On Sat, Jan 16, 2010 at 10:07 PM, Jesse (Pathoschild) pathoschild@gmail.com wrote:
Unfortunately, categories and database queries are inadequate for our needs. Someone can indeed navigate to Categories::Works::Works by genre::Non-fiction::Governmental::Biographies::Ancient biographies, and they'll find all 5 pages that someone thought to categorize to this depth. But if someone hopes to find our 1872 American biographies, they are going to be sorely disappointed.
You can do this with database queries fine -- there are already several different toolserver tools that will do category intersections for you, and a couple extensions. In fact, bog-standard search will do it for you, although AFAIK only for categories added literally (not by templates):
http://en.wikipedia.org/w/index.php?title=Special:Search&redirs=1&se...

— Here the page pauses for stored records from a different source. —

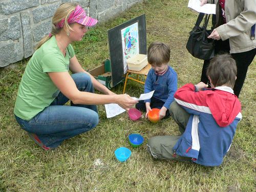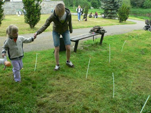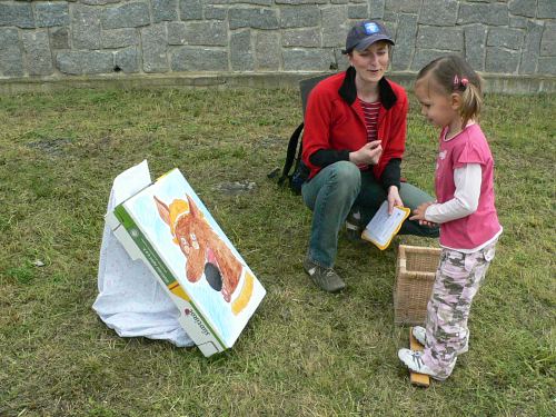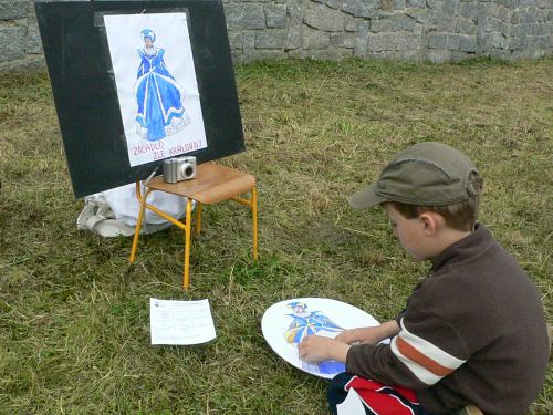Po obědě, kdy se počasí umoudřilo a ukázalo svou slunečnou tvář, se přilehlý park proměnil v soutěžní arénu. Děti tu čekaly pohádkové soutěže. Na čtyři desítky dětí tak vařily kouzelný lektvar, krmily vlka nebo uklízely u Popelky. Za to si vysloužily odměnu. V průběhu soutěží se děti mohly podívat na výcvik psů a některé pejsky si i pohladit.
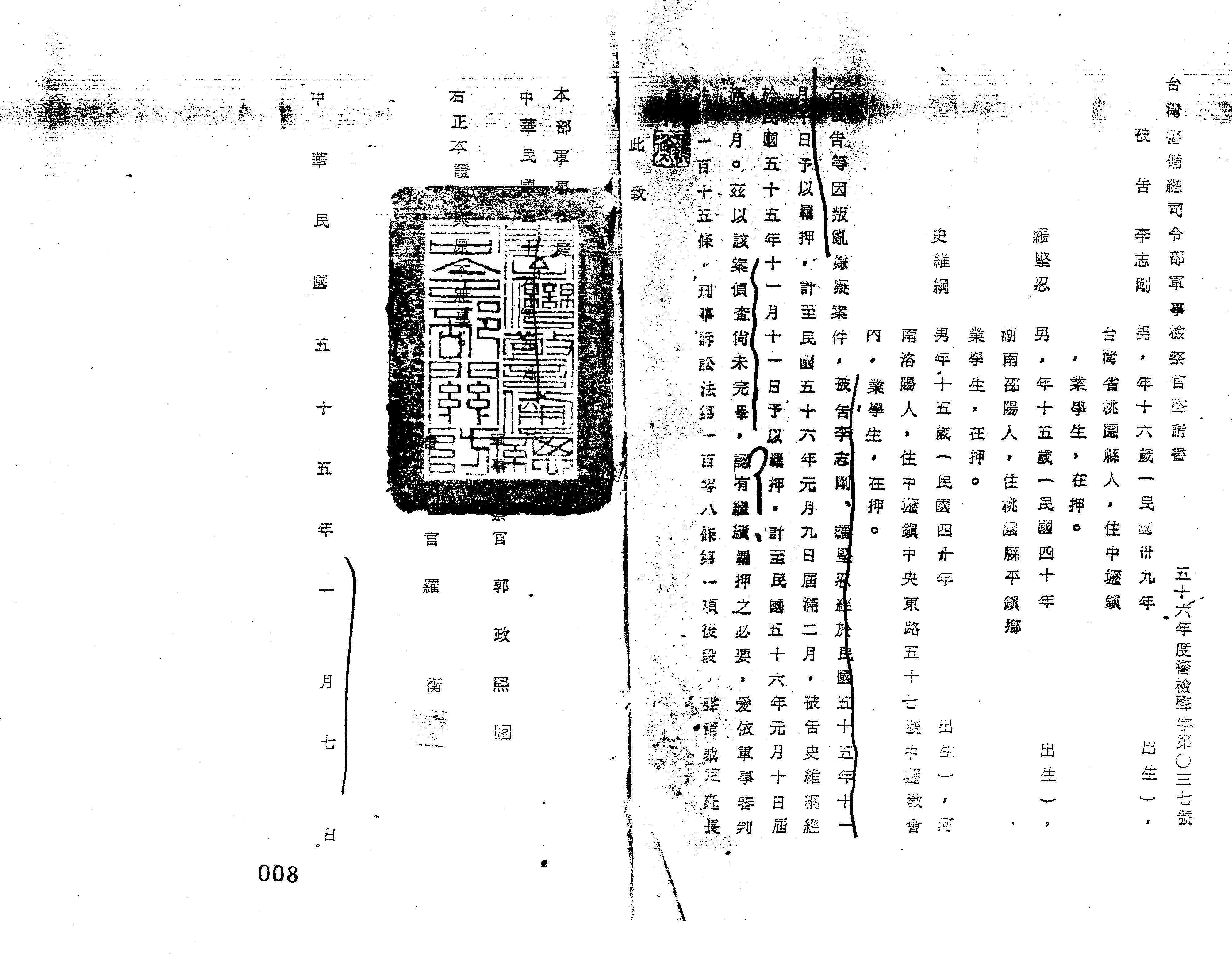臺灣警備總司令部56年警檢聲字第0037號軍事檢察官聲請書
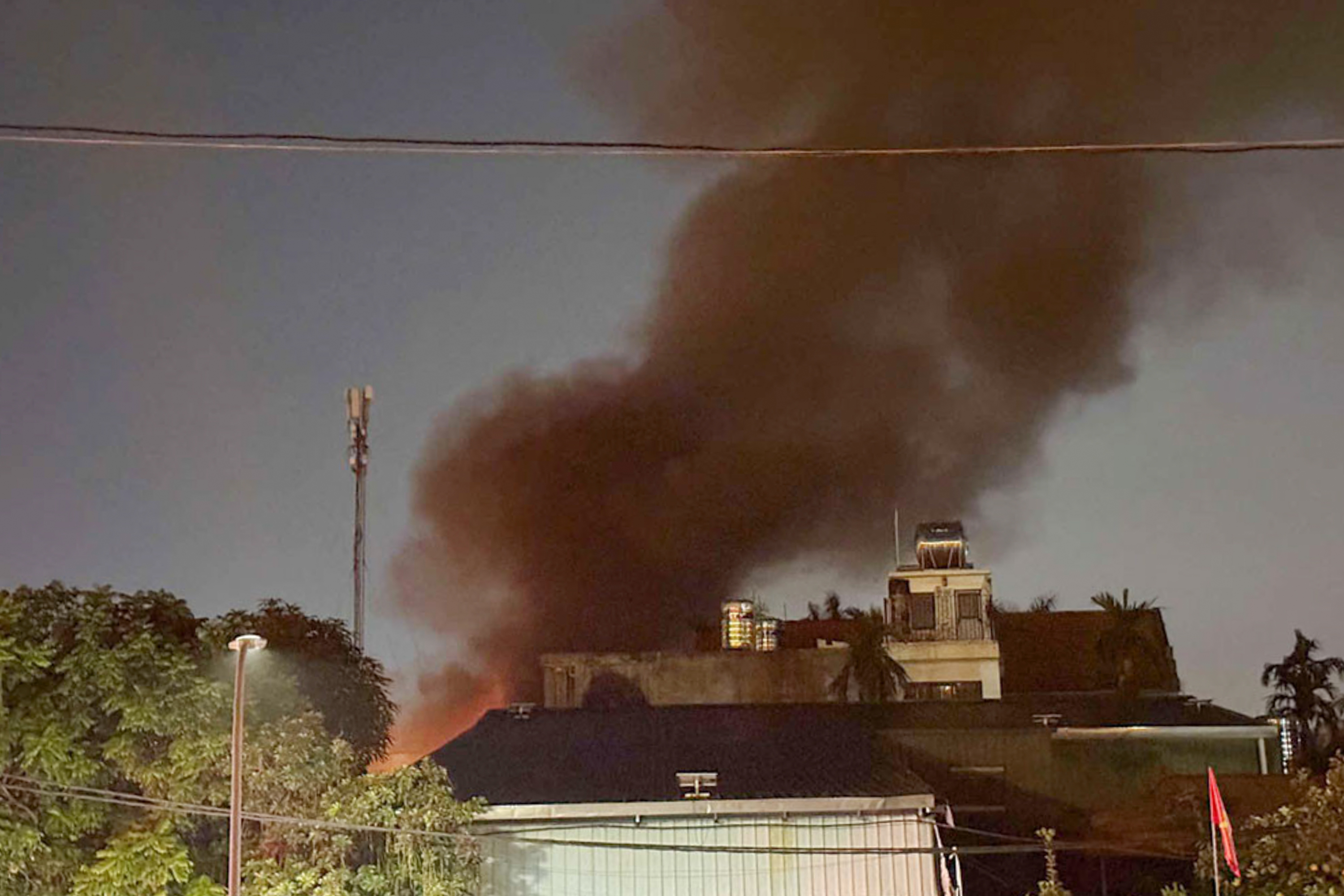 Theo nhân chứng, đám cháy xuất phát từ khu sản xuất đồ bảo hộ, sau đó lan nhanh khiến lửa bao trùm toàn bộ nhà xưởng. Cột khói đen đặc cuồn cuộn bốc cao, nhìn rõ từ xa. Nhiều người dân hốt hoảng di chuyển đồ đạc, tránh nguy cơ cháy lan sang khu dân cư liền kề.

It wouldn't be that hard to allow template-added categories too. I assume you have categories like "books published in America", "books published in 1872", and "biographies" -- if not, you can easily add them via your templates (although that wouldn't work right now with standard search AFAIK, it would work with things like CatScan).

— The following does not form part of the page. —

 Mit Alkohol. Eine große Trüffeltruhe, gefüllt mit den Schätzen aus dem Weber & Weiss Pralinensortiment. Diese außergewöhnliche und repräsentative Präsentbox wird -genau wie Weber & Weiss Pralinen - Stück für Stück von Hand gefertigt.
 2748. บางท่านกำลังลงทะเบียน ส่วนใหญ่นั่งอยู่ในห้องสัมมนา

If we simply extend MediaWiki to support metadata for works or authors, the metadata is limited to these types and fields. Public metadata can be extended and parsed in any way the local community or our content users feel useful.

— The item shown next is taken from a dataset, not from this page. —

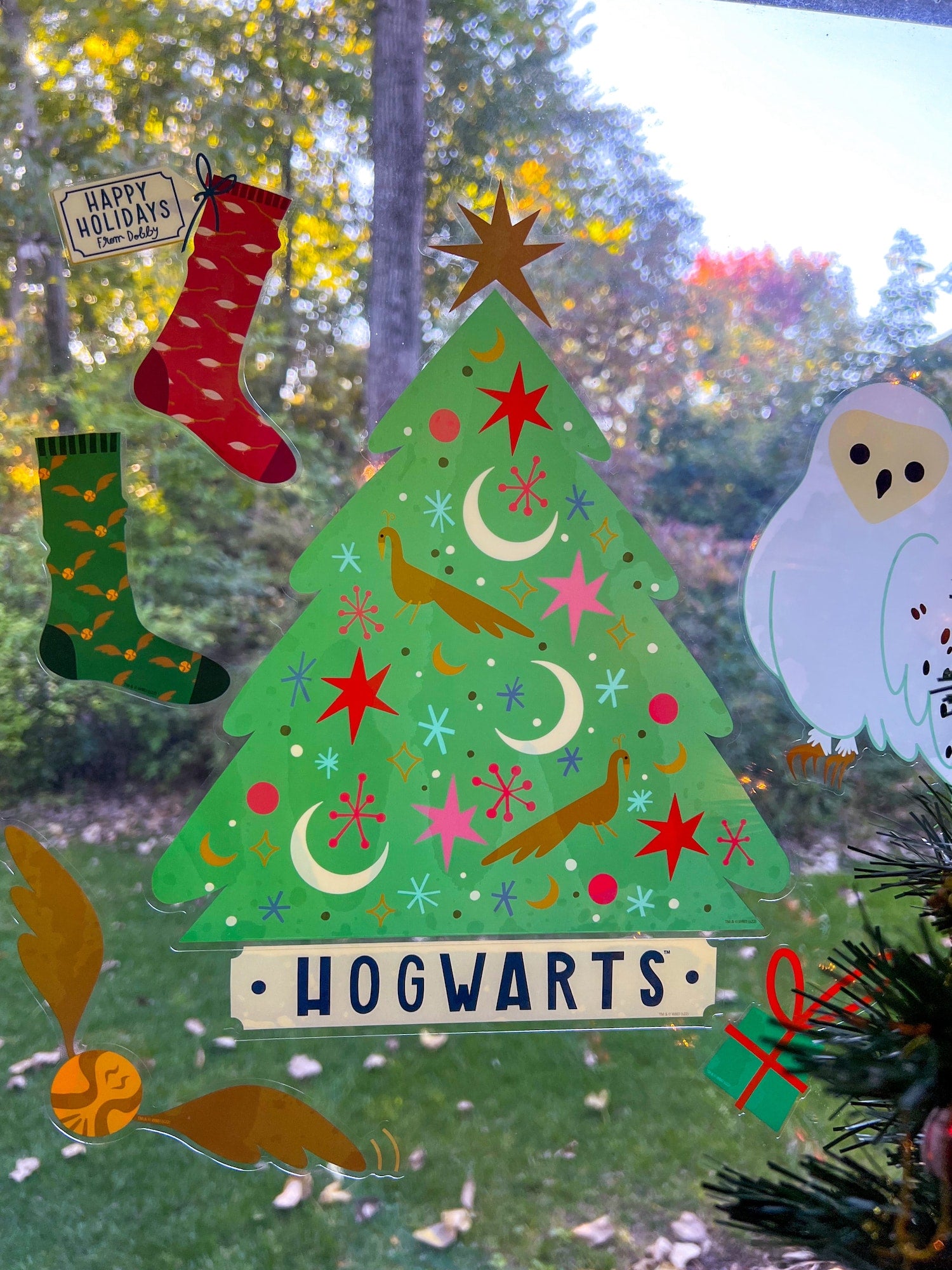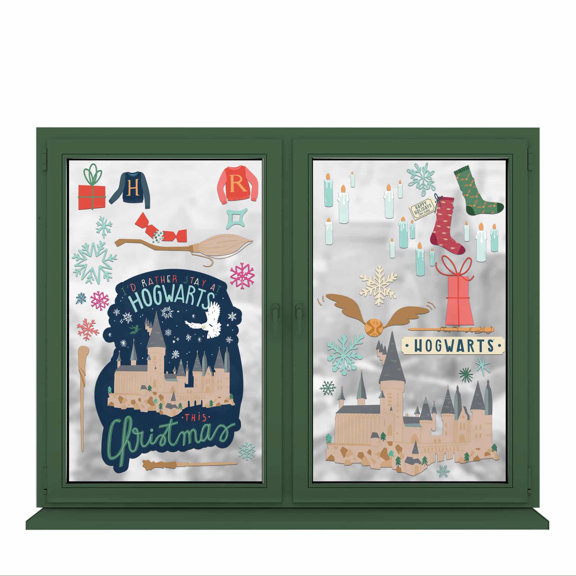 Have you wanted to be in the Great Hall during the holidays? Now you can bring that magic to your own home with our Holidays at Hogwarts Window Cling kit! Featuring holiday-themed iconic images like Hogwarts at Christmas, the sweaters knitted by Mrs. Weasley, the Hogwarts Crest Wreath, snowflakes, and floating candles, this kit includes over 50 individual window clings. Made from waterproof PVC, the designs can be seen on both sides of the window. Simply peel and stick these clings to any smooth surface like mirrors and windows, then remove them without residue!

Sure, but this is not internal use, so not relevant to my last post.
This is also not possible with database queries, since the metadata is not provided to the software except as part of the wiki text.
It is if you use categories. It would also be possible to hack up some tool to store all template parameter-value pairs, which are strikingly similar to the idea of RDFa triples: (article, template+parameter name, parameter value).
There is very little difference between internal and external use; it's no easier for a Wikisource editor to find those 1872 American biographies. Editors are also users.
By "internal use" I mean "use by software designed only to work with MediaWiki", not "use by Wikimedia users". Standards are only needed if we want to be useful to software that's also meant to work with other sites. That way, the software can use the same code to process both our site and the other sites, since all output the same standard markup. If the software is only processing MediaWiki sites to begin with, then standard markup is useless. (Unless it happens to expose convenient libraries, like with XML or such -- but that's probably not the case here.)
So, these metadata formats are definitely *not* useless for internal community use.
No, they really are. It's almost certainly more work for us to use a standard of any kind than to make up our own internal format, so if we only care about internal use, bothering with standards is counterproductive. The real use-cases are for external users only.